Under this line are records; the part from the line containing "TBSの日曜劇場枠で放送され" through the line containing "Brass Modern Hardware" should be repeated exactly. Please exclude pictures.

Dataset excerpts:
________________________________________

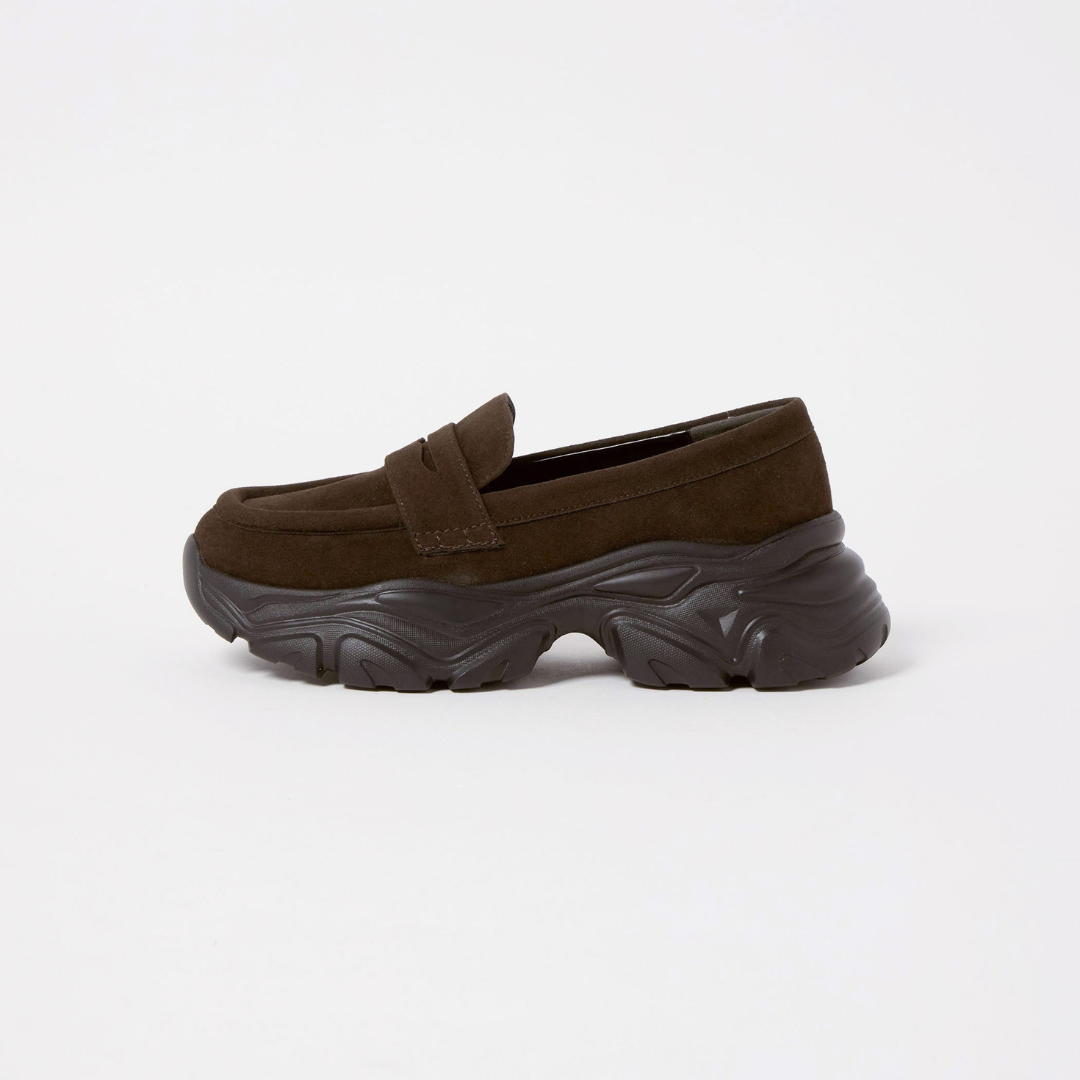 クラシカルなローファーデザインに、ボリュームソールを組み合わせた今季らしい一足。6.5㎝の厚底ソールでスタイルアップを叶えつつ、見た目以上に軽量で歩きやすいのが魅力です。きれいめコーデにはもちろん、デニムなどのカジュアルに合わせてもこなれ感が出る万能さで、朝の送迎から通勤まで毎日頼れる一足。
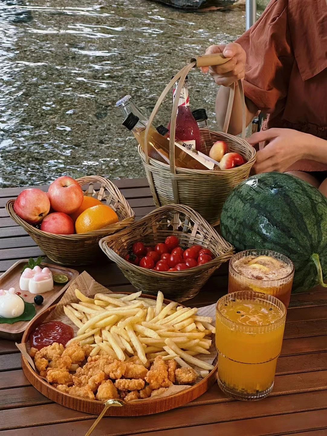 还可以带一些颜色鲜艳的水果🍇🍉和饮料🥤。
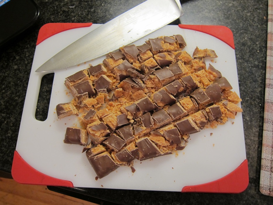 Preheat your oven to 350 degrees. Grease and flour a bundt pan. Chop the Butterfingers into small pieces, and set aside. If you leave big chunks, they’re prone to sinking in the batter, so pretty small works best.
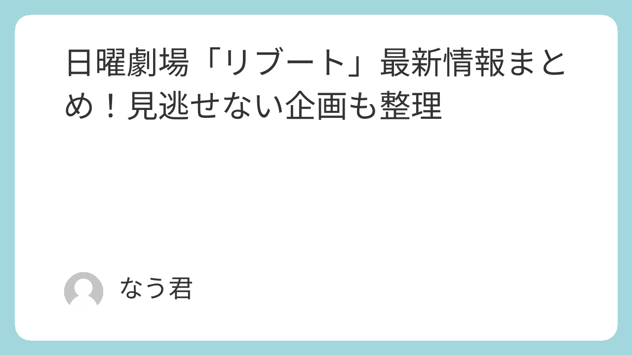 TBSの日曜劇場枠で放送される新作ドラマ『リブート』に関する最新情報や関連企画が続々と公開され、注目が集まっています。キャストコメントや公式動画など、放送前から楽しめるコンテンツも増えており、「何からチェックすればいい?」と感じている人も多いはず。この記事では、考察を煽りすぎず、公式情報の範囲で見どころや予習ポイントを整理します。
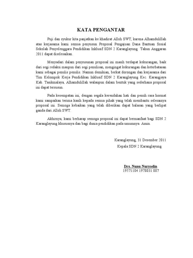 Proposal Mebelair from imgv2-1-f.scribdassets.com Memberikan ucapan rasa syukur dan terima. Mungkin diantara kalian ada yang tahu tidak tentang apa itu kata pengantar? Lebih detailnya contoh kata pengantar yang baik itu adalah kata pengantar yang isinya mencakup dari rangkuman bab yang telah kita sampaikan baik itu makalah maupun karyatulis. Kata pengantar adalah faktor penting sama halnya dengan daftar isi, daftar pustaka dan lainnya. Ketika kamu menyusun laporan, makalah, atau skripsi maka perlu ada kata pengantar sebagai salah satu bagian pelengkap susunan sebuah karya. Pada umumnya kata pengantar biasa digunakan dalam membuat sebuah proposal, skripsi, laporan, dan bahkan dalam pembuatan surat. Contoh kata pengantar laporan, baik laporan praktek lapangan kerja, study tour, atau 1. Oleh yoga winandodiposting pada 18 januari 202118 januari 2021.
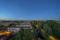 Diese Arbeit zeigt ein Panorama der Stadt Amsterdam während der blauen Stunde. Im Vordergrund ist der Sloterhof-Komplex, von dem aus das Foto aus einem Fenster im 11. Stock aufgenommen wurde.
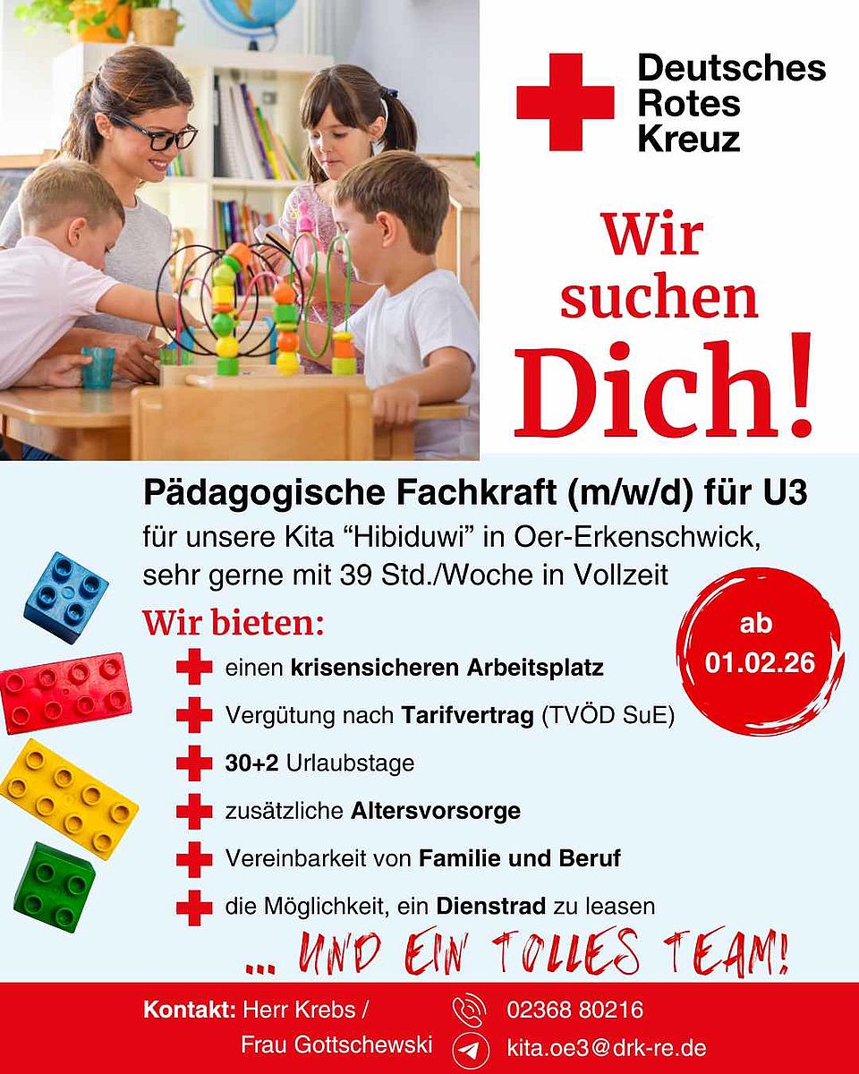 Für unseren DRK-Kindergarten “Hibiduwi” in 45739 Oer-Erkenschwick, Brandenburger Straße 15, suchen wir ab dem 1. Februar 2026 eine Pädagogische Fachkraft (m/w/d) für den U3-Bereich, sehr gerne in Vollzeit mit 39 Std./Woche.
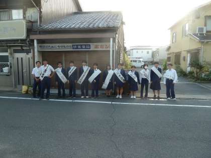 朝から生徒会役員選挙の候補者が校門であいさつ運動をしてくれています。候補者の顔と名前を憶えてもらうことと、あいさつでさわやかな一日を過ごしてもらうことをめざしています。
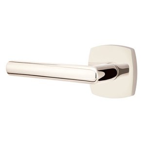 Brass Modern Hardware Collection - Half Dummy Stuttgart Left Handed Lever with Urban Modern Rose in Polished Nickel by Emtek - 5306STU.HALF.US14-LH | MyKnobs
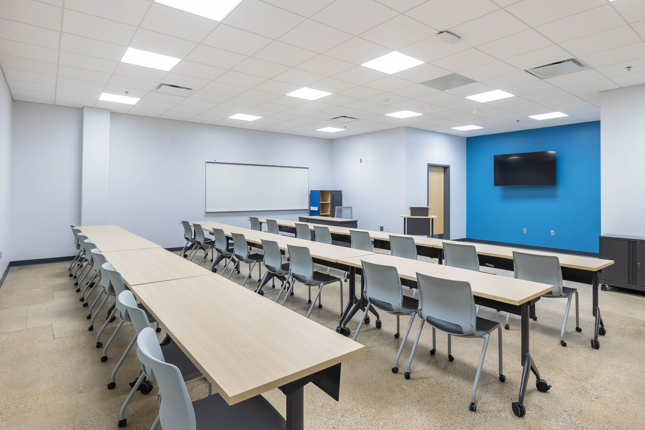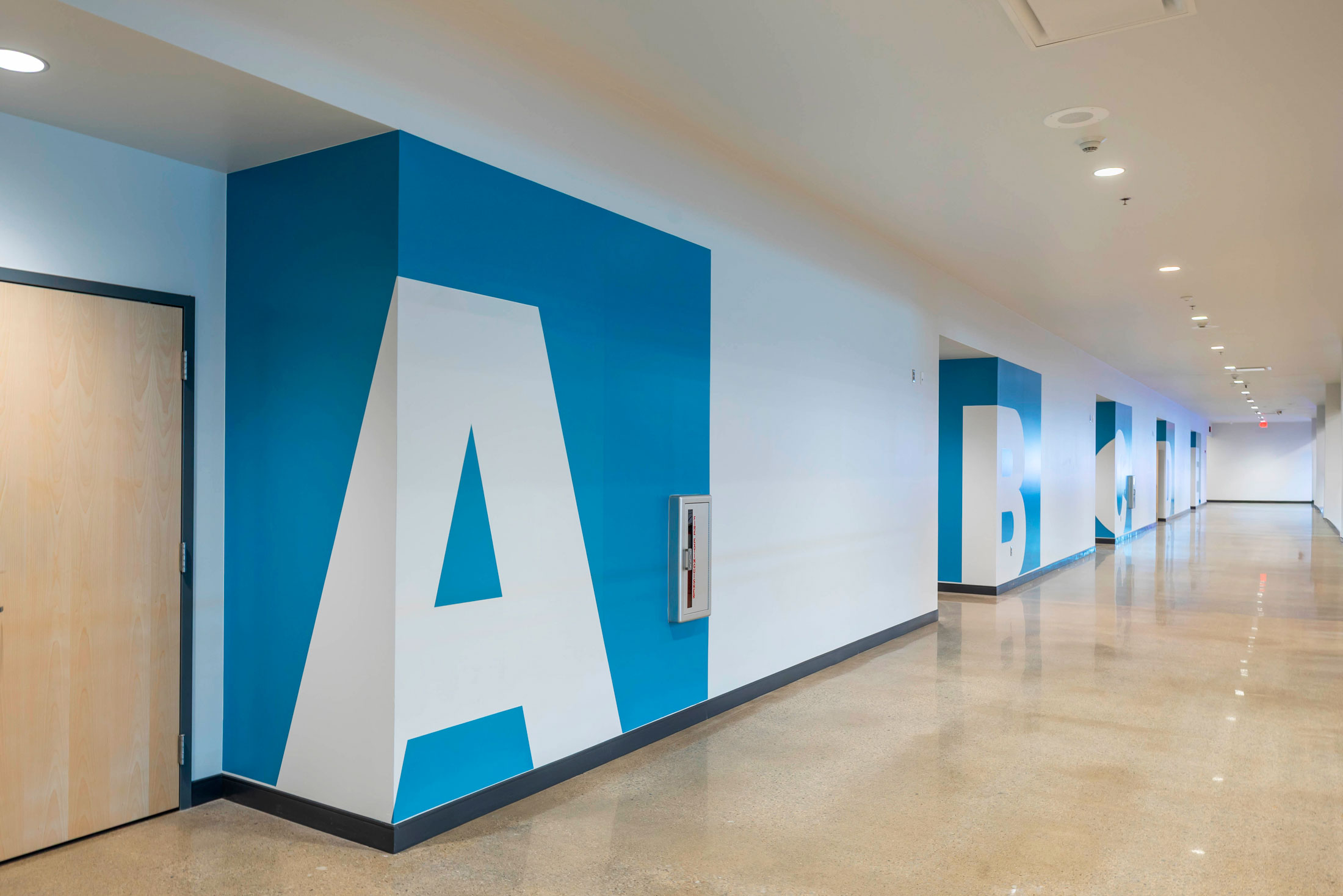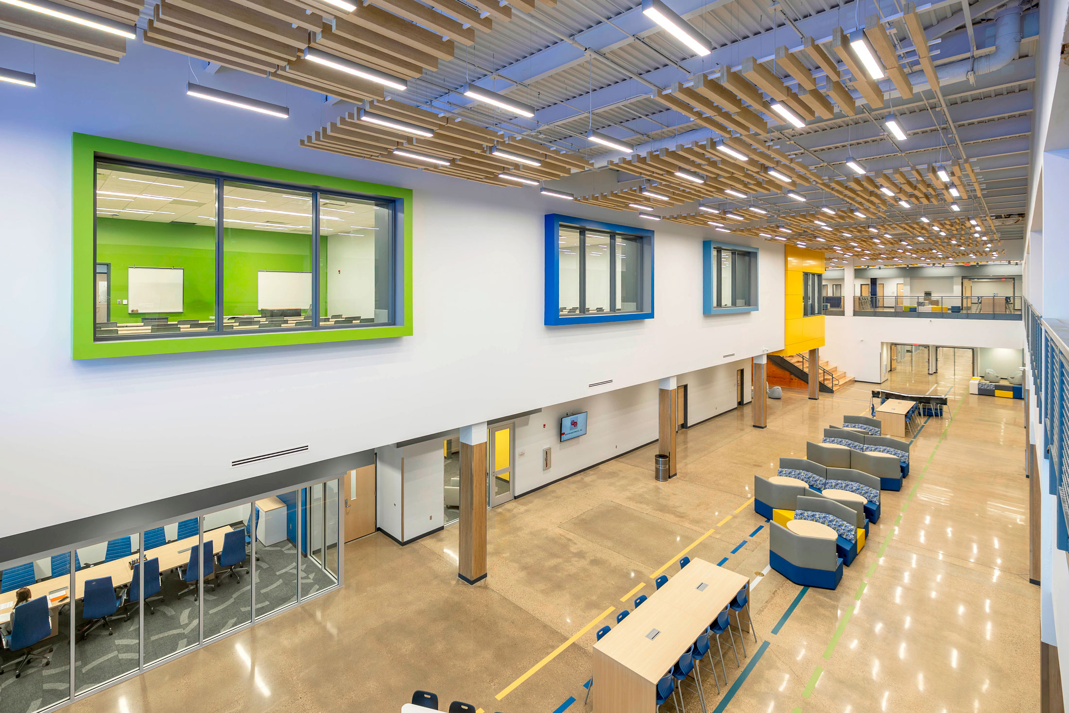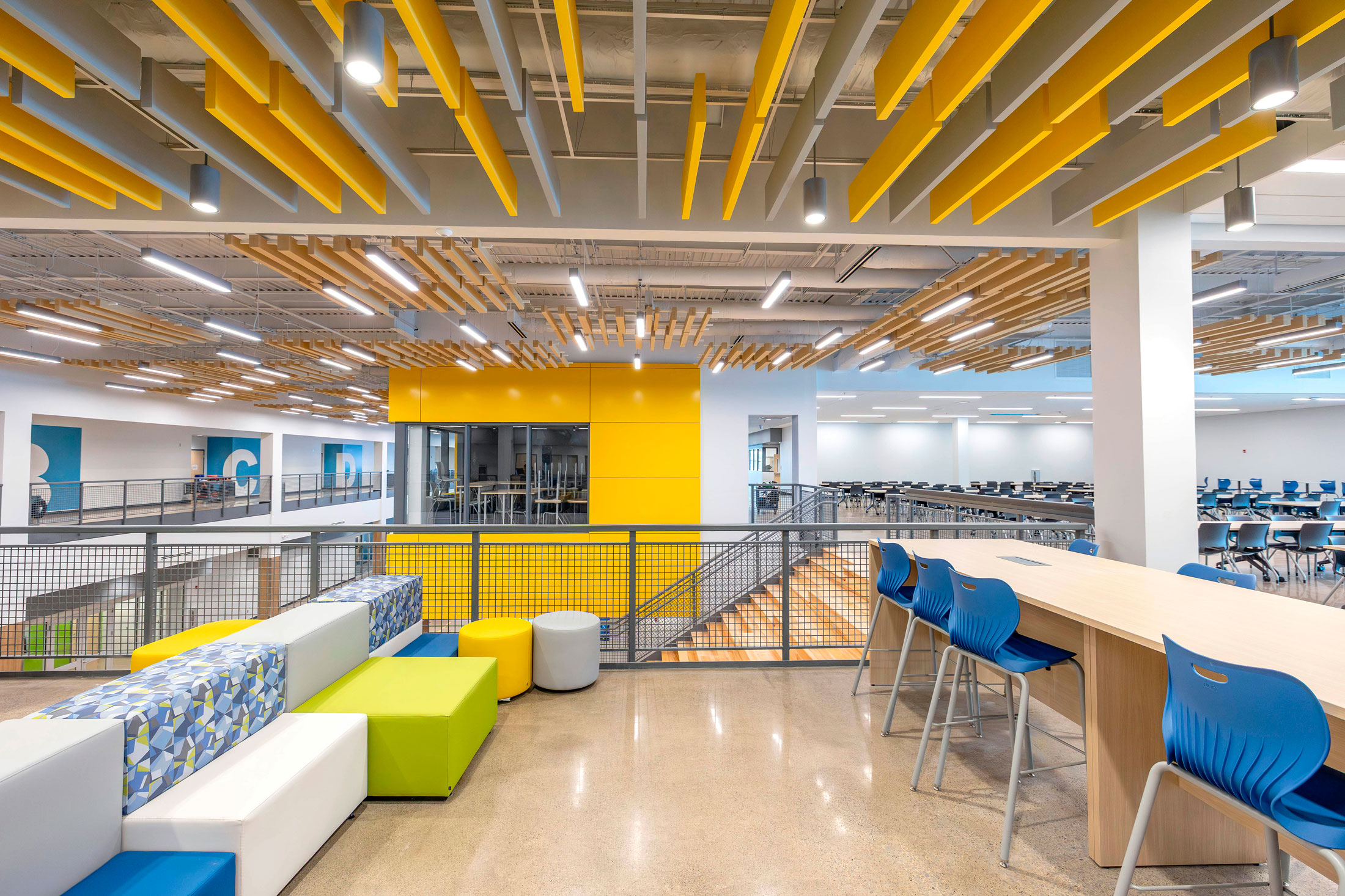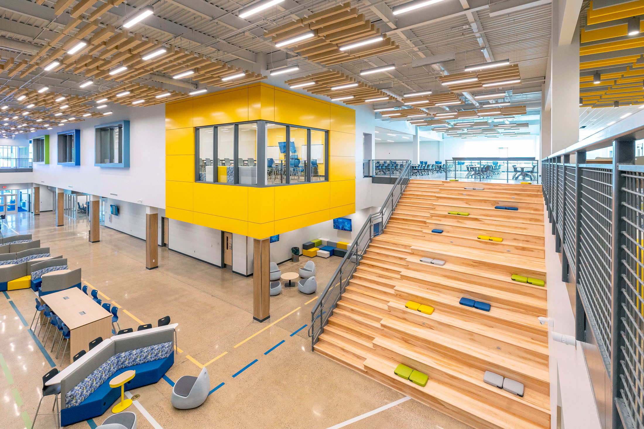 The existing painted masonry façade is clad in multicolored metal panels and horizontal windows. The existing main entrances were removed and reimagined with a glass façade that stretches into the existing building, creating an atrium that terminates at a lecture stair adjacent to the second-floor dining room. The two-story atrium is the focal point of the interior space, highlighting the classrooms that overlook the entrance corridor. All classrooms and lab areas have a glass entrance to showcase the technology and career learning that goes on inside the space.

________________________________________

Response area:
 TBSの日曜劇場枠で放送される新作ドラマ『リブート』に関する最新情報や関連企画が続々と公開され、注目が集まっています。キャストコメントや公式動画など、放送前から楽しめるコンテンツも増えており、「何からチェックすればいい?」と感じている人も多いはず。この記事では、考察を煽りすぎず、公式情報の範囲で見どころや予習ポイントを整理します。
 Proposal Mebelair from imgv2-1-f.scribdassets.com Memberikan ucapan rasa syukur dan terima. Mungkin diantara kalian ada yang tahu tidak tentang apa itu kata pengantar? Lebih detailnya contoh kata pengantar yang baik itu adalah kata pengantar yang isinya mencakup dari rangkuman bab yang telah kita sampaikan baik itu makalah maupun karyatulis. Kata pengantar adalah faktor penting sama halnya dengan daftar isi, daftar pustaka dan lainnya. Ketika kamu menyusun laporan, makalah, atau skripsi maka perlu ada kata pengantar sebagai salah satu bagian pelengkap susunan sebuah karya. Pada umumnya kata pengantar biasa digunakan dalam membuat sebuah proposal, skripsi, laporan, dan bahkan dalam pembuatan surat. Contoh kata pengantar laporan, baik laporan praktek lapangan kerja, study tour, atau 1. Oleh yoga winandodiposting pada 18 januari 202118 januari 2021.
 Diese Arbeit zeigt ein Panorama der Stadt Amsterdam während der blauen Stunde. Im Vordergrund ist der Sloterhof-Komplex, von dem aus das Foto aus einem Fenster im 11. Stock aufgenommen wurde.
 Für unseren DRK-Kindergarten “Hibiduwi” in 45739 Oer-Erkenschwick, Brandenburger Straße 15, suchen wir ab dem 1. Februar 2026 eine Pädagogische Fachkraft (m/w/d) für den U3-Bereich, sehr gerne in Vollzeit mit 39 Std./Woche.
 朝から生徒会役員選挙の候補者が校門であいさつ運動をしてくれています。候補者の顔と名前を憶えてもらうことと、あいさつでさわやかな一日を過ごしてもらうことをめざしています。
 Brass Modern Hardware Collection - Half Dummy Stuttgart Left Handed Lever with Urban Modern Rose in Polished Nickel by Emtek - 5306STU.HALF.US14-LH | MyKnobs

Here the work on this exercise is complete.